The second part of the contract could be considered adjustable and contains those clauses that change or are added for the specific contract. While sometimes only a few clauses are in this section, like scope of activities and pay schedule, this part of the contract is where the privacy professional can clearly outline privacy impacts from the vendor’s services.
Another concern in your relationship to the vendor is that vendors are not “partners” in your enterprise. This is true regardless of what the contract states they will provide, if you pay them or they pay you. Ethically a separation must be made so that this separation is clear to both parties. If the vendor is treated as a partner, deferred to as if they are a partner, referred to as a partner, it could lead to tensions in relations as the expectation of a partner is different than those of a vendor. Too often contractors in the “partnership” situation believe themselves to be indispensable to your organization with inalienable rights. They can become hostile when relegated, appropriately, to their role or called to task when they violate regulations that your entity must abide by and were notated in the contract.
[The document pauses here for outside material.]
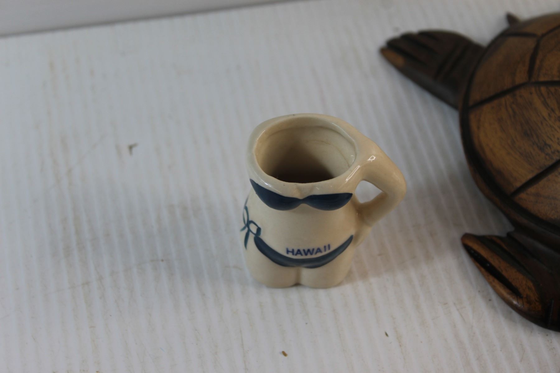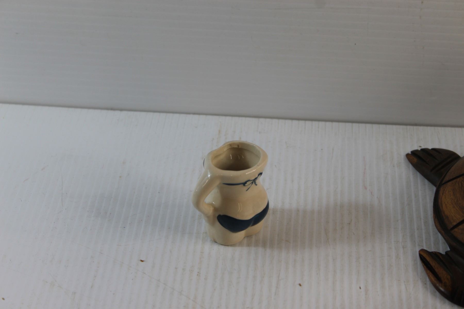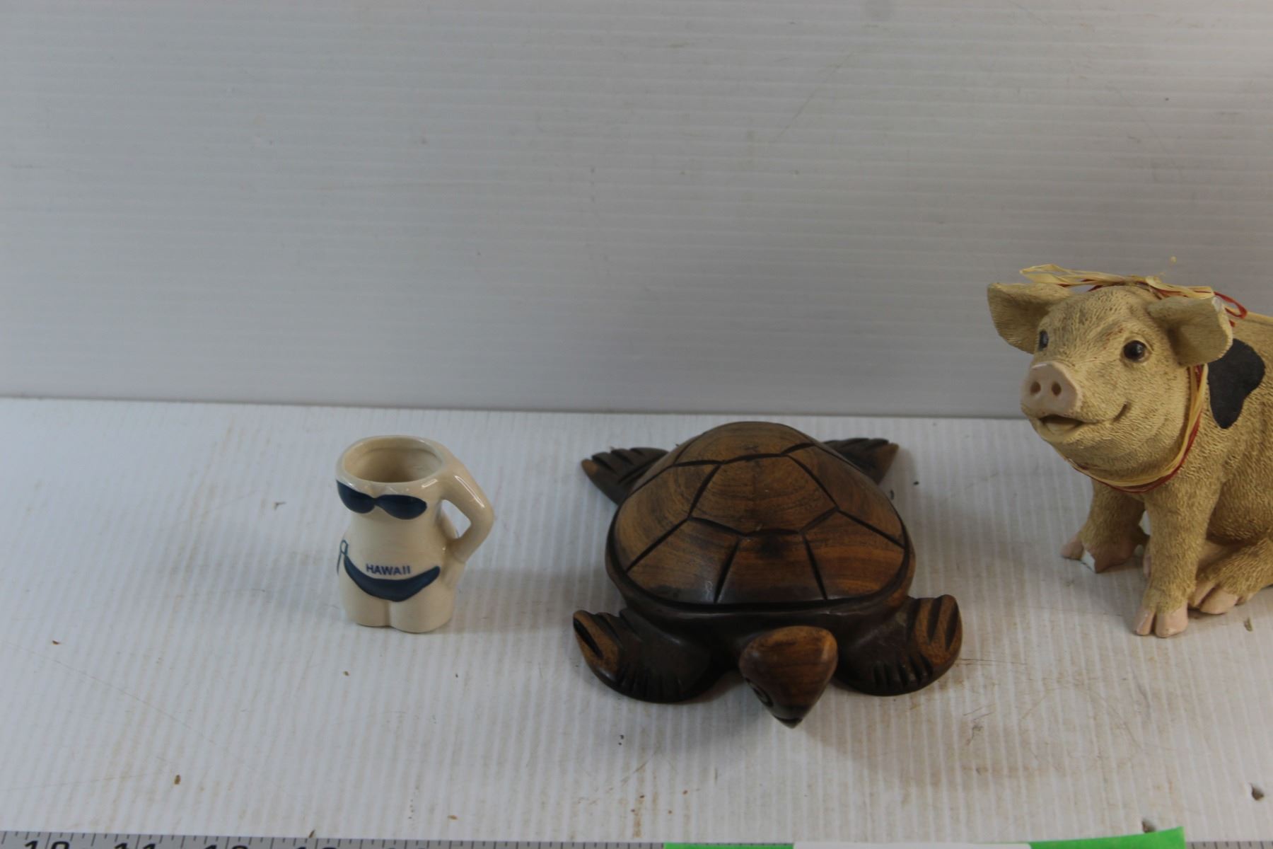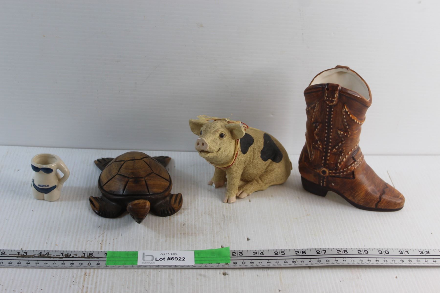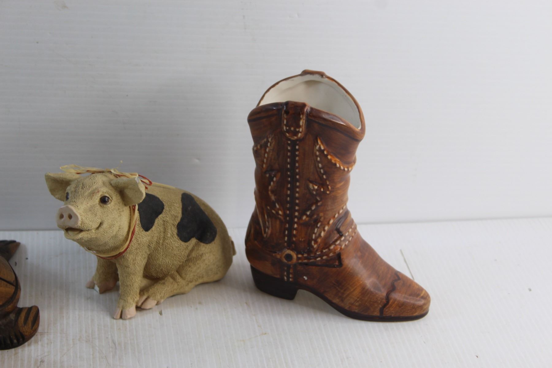 Wooden Turtle, Ceramic Pig, Ceramic Boot Decor and Toothpick Holder - Chipped

A weak privacy profile characteristic that shows up in contracts is when the contract says “fully HIPAA compliant” either as a claim by the contractor or as a mandate from the contract originator. Does the statement mean anything in relationship to their role? Does it mean they are, or are to be, complaint with 5010 format? Will they do a full-blown risk analysis for their product in your environment? Can they capture disclosures electronically? Vendors may have done everything possible from their end to be HIPAA compliant, but until they account for your business operations it is just a marketing phrase. On the opposing side, the phrase has doubtful value as a mandate without describing exactly what it means for your vendor. Undefined phrases about the privacy compliance are dangerous, as they lead to misunderstanding and that leads to increased risk.
Achieving mutual understanding is the goal and it takes work on both parties’ behalf to ensure the expectations meet delivery.